Department of Gastroenterology, Cancer Institute, São Paulo University, Av. Dr. Arnaldo, 251, São Paulo 01246-000, Brazil.
Surg Endosc. 2012 Sep;26(9):2667-70. doi: 10.1007/s00464-012-2215-6. Epub 2012 Mar 10.
Postoperative pelvic abscesses in patients submitted to colorectal surgery are challenging. The surgical approach may be too risky, and image-guided drainage often is difficult due to the complex anatomy of the pelvis. This article describes novel access for drainage of a pelvic collection using a minimally invasive natural orifice approach.
A 37 year-old man presented with sepsis due to a pelvic abscess during the second postoperative week after a Hartmann procedure due to perforated rectal cancer. Percutaneous drainage was determined by computed tomography to be unsuccessful, and another operation was considered to be hazardous. Because the pelvic fluid was very close to the rectal stump, transrectal drainage was planned. The rectal stump was opened using transanal endoscopic microsurgery (TEM) instruments. The endoscope was advanced through the TEM working channel and the rectal stump opening, accessing the abdominal cavity and pelvic collection.

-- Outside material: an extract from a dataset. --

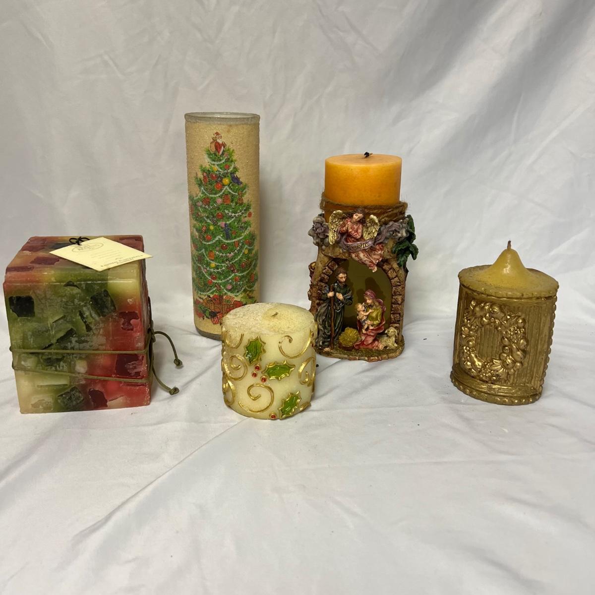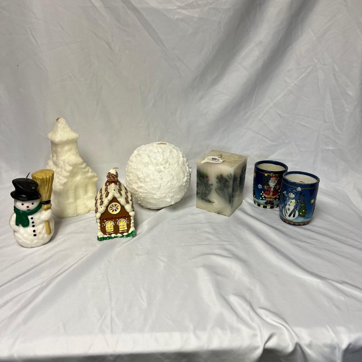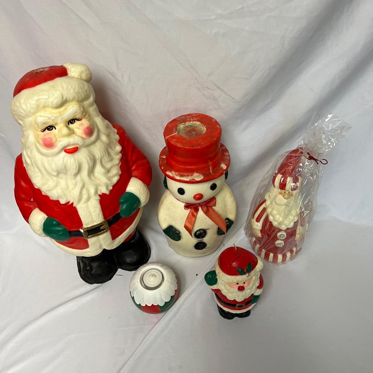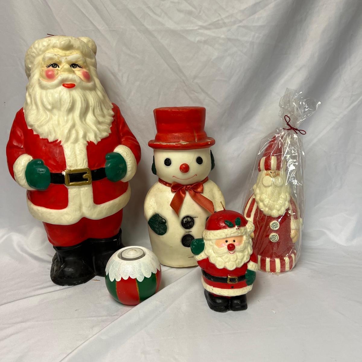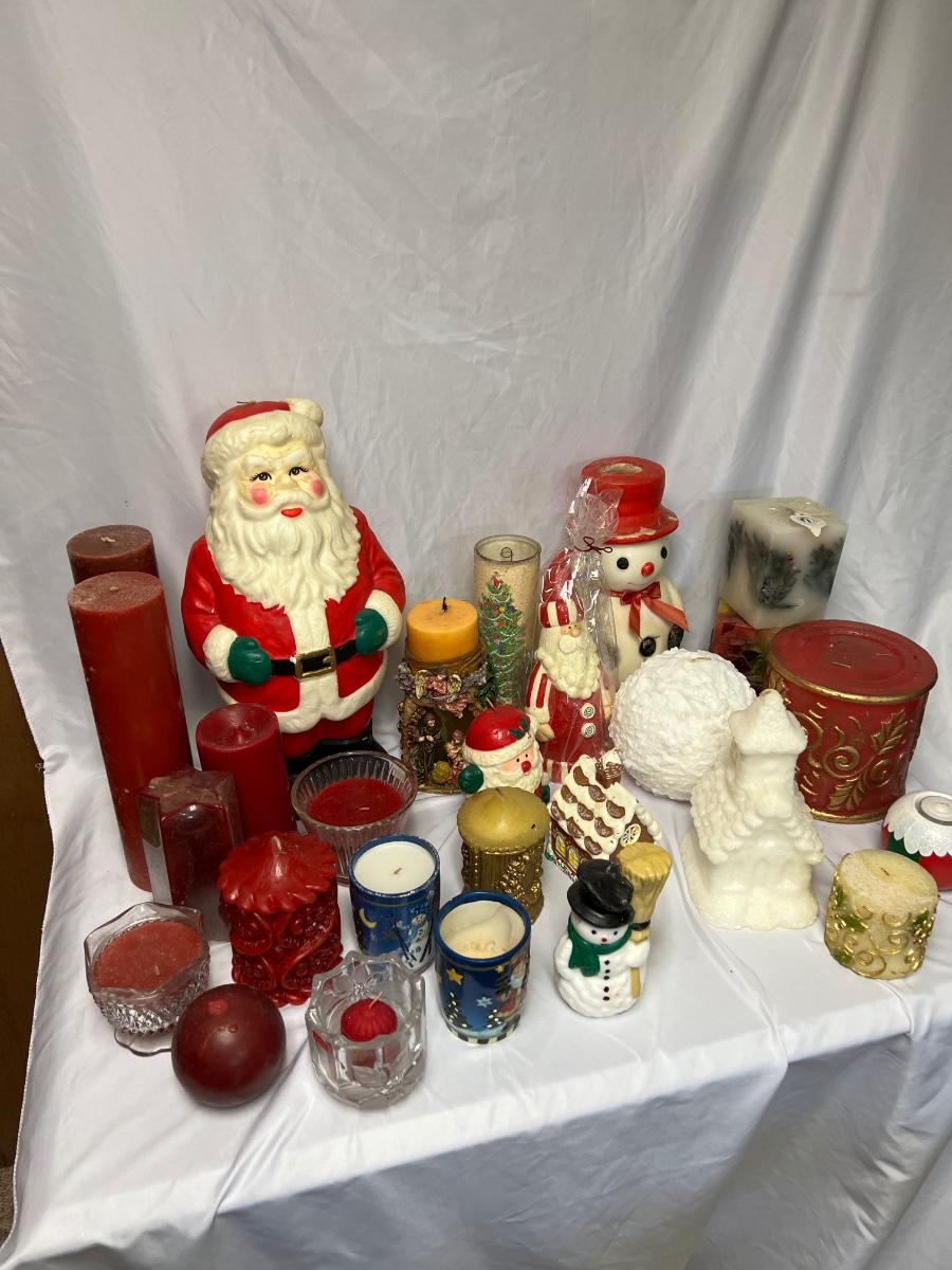 You’ll never have to buy Christmas candles again! (Twenty-seven in all!) Many of them never used and several of them lovely sculptures as well as solid red for table and mantel. Lot includes 66Qt. Holiday storage bin as shown. Santa candle measures approximately 16" tall.

The pelvic collection was endoscopically drained and the local cavity washed with saline through the scope channel. A Foley catheter was placed in the rectal stump. The patient's recovery after the procedure was successful, without the need for further intervention.
Transrectal endoscopic drainage may be an option for selected cases of pelvic fluid collection in patients submitted to Hartmann's procedure. The technique allows not only fluid drainage but also visualization of the local cavity, cleavage of multiloculated abscesses, and saline irrigation if necessary. The use of TEM instrumentation allows safe access to the peritoneal cavity.
接受结直肠手术的患者术后发生骨盆脓肿极具挑战性。由于骨盆解剖结构复杂,手术方法可能风险太大,而影像引导引流通常也很困难。本文介绍了一种使用微创自然腔道入路引流骨盆积液的新方法。
一名 37 岁男性因穿孔性直肠癌行 Hartmann 手术后第二周出现败血症,并发骨盆脓肿。计算机断层扫描(CT)显示经皮引流不成功,且另一次手术被认为具有风险。由于盆腔积液非常接近直肠残端,因此计划进行经直肠引流。使用经肛门内镜微创手术(TEM)器械经肛门切开直肠残端。将内镜通过 TEM 工作通道和直肠残端开口推进,进入腹腔和骨盆积液部位。
通过内镜对骨盆积液进行引流,并通过内镜通道向局部腔隙冲洗生理盐水。将 Foley 导管放置在直肠残端。患者在手术后恢复顺利,无需进一步干预。
对于接受 Hartmann 手术的患者,经直肠内镜引流可能是骨盆积液的一种选择。该技术不仅可以引流积液,还可以观察局部腔隙、分离多房脓肿,以及在必要时进行生理盐水冲洗。TEM 器械的使用可安全进入腹腔。